** Supplied information follows **
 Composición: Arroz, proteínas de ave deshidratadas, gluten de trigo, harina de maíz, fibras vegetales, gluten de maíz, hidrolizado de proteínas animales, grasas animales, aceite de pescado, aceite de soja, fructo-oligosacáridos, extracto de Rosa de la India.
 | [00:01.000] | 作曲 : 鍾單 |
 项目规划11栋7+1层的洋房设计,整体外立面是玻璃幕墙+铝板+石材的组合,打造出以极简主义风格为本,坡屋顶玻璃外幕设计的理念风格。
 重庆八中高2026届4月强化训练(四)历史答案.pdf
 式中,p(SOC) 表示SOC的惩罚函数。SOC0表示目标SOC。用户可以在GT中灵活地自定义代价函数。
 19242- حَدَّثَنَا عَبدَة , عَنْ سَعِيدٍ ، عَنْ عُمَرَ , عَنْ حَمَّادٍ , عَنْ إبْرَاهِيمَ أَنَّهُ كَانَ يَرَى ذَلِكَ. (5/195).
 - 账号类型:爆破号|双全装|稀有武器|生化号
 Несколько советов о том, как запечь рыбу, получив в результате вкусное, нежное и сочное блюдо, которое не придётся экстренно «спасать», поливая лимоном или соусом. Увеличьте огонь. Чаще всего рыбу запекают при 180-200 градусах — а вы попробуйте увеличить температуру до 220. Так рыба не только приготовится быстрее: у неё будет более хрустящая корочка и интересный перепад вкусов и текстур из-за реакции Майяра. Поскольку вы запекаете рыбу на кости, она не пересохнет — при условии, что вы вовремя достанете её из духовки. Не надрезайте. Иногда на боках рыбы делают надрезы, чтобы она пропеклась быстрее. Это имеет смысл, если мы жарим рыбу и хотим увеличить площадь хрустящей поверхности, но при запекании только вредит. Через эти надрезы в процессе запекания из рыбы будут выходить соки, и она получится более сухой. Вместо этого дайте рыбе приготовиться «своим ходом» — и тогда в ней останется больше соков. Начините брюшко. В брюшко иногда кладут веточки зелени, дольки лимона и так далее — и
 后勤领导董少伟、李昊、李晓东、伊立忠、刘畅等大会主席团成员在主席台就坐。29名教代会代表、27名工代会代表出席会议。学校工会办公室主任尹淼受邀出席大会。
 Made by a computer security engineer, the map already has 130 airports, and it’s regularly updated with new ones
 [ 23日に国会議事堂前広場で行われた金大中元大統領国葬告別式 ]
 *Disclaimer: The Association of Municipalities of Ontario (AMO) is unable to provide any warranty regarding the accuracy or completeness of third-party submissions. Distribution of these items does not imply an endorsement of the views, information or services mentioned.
** End of Supplied information **
Assignment – The expected answer is an exact copy of the lines above, beginning at the line with "[00:01.000] | 作曲 : 鍾單 |" and ending at the line with "- 账号类型:爆破号|双全装|稀有武器|生化号", with both ends in.

Task output –
 | [00:01.000] | 作曲 : 鍾單 |
 项目规划11栋7+1层的洋房设计,整体外立面是玻璃幕墙+铝板+石材的组合,打造出以极简主义风格为本,坡屋顶玻璃外幕设计的理念风格。
 重庆八中高2026届4月强化训练(四)历史答案.pdf
 式中,p(SOC) 表示SOC的惩罚函数。SOC0表示目标SOC。用户可以在GT中灵活地自定义代价函数。
 19242- حَدَّثَنَا عَبدَة , عَنْ سَعِيدٍ ، عَنْ عُمَرَ , عَنْ حَمَّادٍ , عَنْ إبْرَاهِيمَ أَنَّهُ كَانَ يَرَى ذَلِكَ. (5/195).
 - 账号类型:爆破号|双全装|稀有武器|生化号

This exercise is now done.